Sorry for the short notice of this announcement, I hope this will not cause too much disruption for anyone.
The maintenance work will begin on Monday 8th August and is expected to take up to a week to complete. During this maintenance window there will be no access to the Balena system and all queued jobs will need to be cleared from the scheduler.
The majority of this work will be performed by ClusterVision. We are anticipating needing a full week to give ClusterVision and ourselves enough time to complete these maintenance tasks. We shall open up access once all disruptive tasks have been completed.
Below is a list of some of the maintenance work which will be taking place:
- Upgrading the SLURM scheduler, security patching and enabling new features
- Testing SLURM's node power management
- Enabling global file locking on the BeeGFS scratch partition
- ClusterVision will also be configuring new system monitoring tools
On Monday 11th April, the Balena HPC cluster will be unavailable due to maintenance work. Part of this work will include ClusterVision performing a full health check to ensure Balena is running at optimal performance. During this time, all jobs will be held in the queue and, for safety, you will not be able to access the cluster via SSH.
The Balena cluster will be unavailable from 07:00 on Monday 11th April and the cluster will be release back into service later that day.
On Tuesday 26th January there will be a mandatory fire suppression test being carried out in the same room as the Balena HPC system. We need to treat this as a potential risk of power outage to the data centre and therefore we will need to place the entire cluster into a maintenance mode during this period. This means that the Balena cluster will not be available for service on the 26th January.

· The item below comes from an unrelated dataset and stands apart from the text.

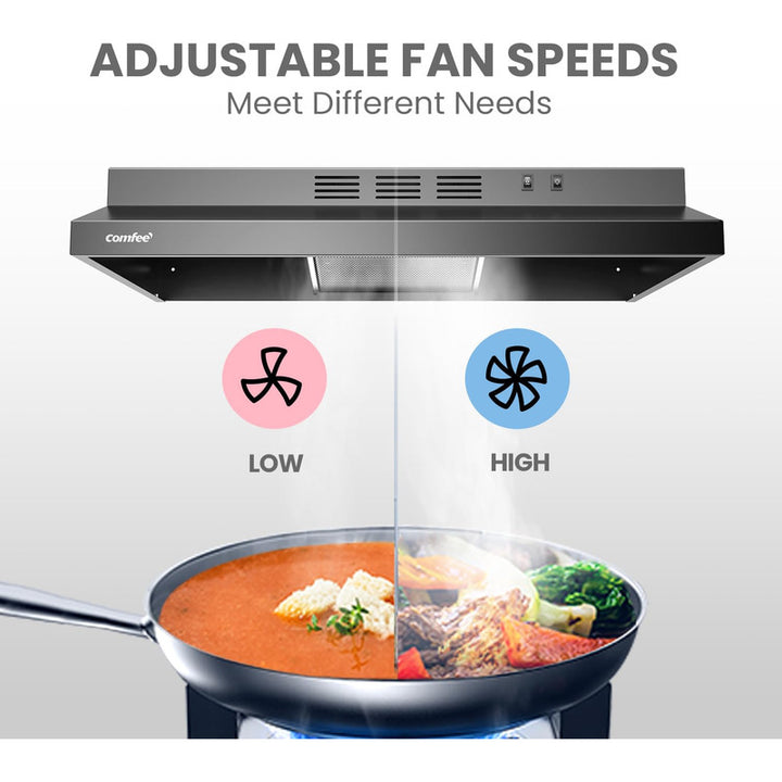 Con la campana extractora Comfee, experimentará una calidad de aire mejorada cada vez que cocine. Equipado con un ventilador de escape de 2 velocidades, este dispositivo ofrece una fuerte succión, eliminando la mayoría del humo y olores en un instante. Ahora, las comidas en casa serán solo un momento de disfrute sin lugar para la preocupación por el aire cargado. 💨

We will require all users will to log out of Balena before 07:00am on the 26th January. You will not need to dequeue any workloads already in the cluster, a maintenance reservation has been scheduled to prevent any workloads from running during this period.
We will be taking this opportunity to perform a couple disruptive tasks, such as performing a full headnode failover, to ensure the cluster is in full working order.
I shall send around a reminder about this next week. Sorry for any inconvenience this may cause.
Maintenance and upgrades will be taking place, during our at risk* period Tuesday 22 September 2015, 7am-9am.
The network will be undergoing maintenance. You may experience minor disruptions if you are using the Internet and any of the services below during this time. If you do, please try refreshing the page or returning after 9am. Services affected are:
- The University Website
- TeamBath website
- Authentication servers
- Registration online
- Skype for Business
Additional work also taking place during this time
- UniDesk is being upgraded to the latest software and will be unavailable (7am-9am)
- Ansys is undergoing a license server upgrade, will be unavailable (7am-9am)
- Visa is undergoing a license server upgrade and battery replacement (7am-9am). It will affect the following:
- Spartan Student
- The Balena HPC service will be undergoing maintenance and will be unavailable (7am-9am)
*Our 'at risk' period is between 7am and 9am on Tuesdays when we carry out scheduled maintenance, modifications and testing. This work is essential to maintain and develop the services that we provide. Thank you for your patience during the maintenance period.
Use go.bath.ac.uk/it-status to find out the current status of IT services at the University of Bath
The Balena HPC service is now ready for use after the BeeGFS parallel file system upgrade - new features available after this upgrade include informational quota and quota enforcement.
We have successfully completed cluster wide pre-production tests to ensure that the system is stable for production use.
From 27th July the BeeGFS storage on the Balena HPC cluster will be undergoing an upgrade. We are expecting that Balena will be unavailable for, at most, the entire week while ClusterVision perform the upgrade. During this period there will be limited access to the cluster and only the /home file system will be available, also you will not be able to run workloads on the cluster.
To remind you the BeeGFS file system is a non-archival filesystem and is not backed up. If there is any essential data you would like preserved please make a copy of it before the 27th July.
In favour of presenting a better categorisation of the software packages available on Balena to improve the user experience, the software packages available under the module has been re-organised into the following categories:-
- Compilers and Languages
Users can now use the module avail command to see the organised list of software.
We have also introduced a module named untested which when loaded will list all the new software packages currently undergoing user testing. Once approved for production the software will be moved into one of the above listed categories.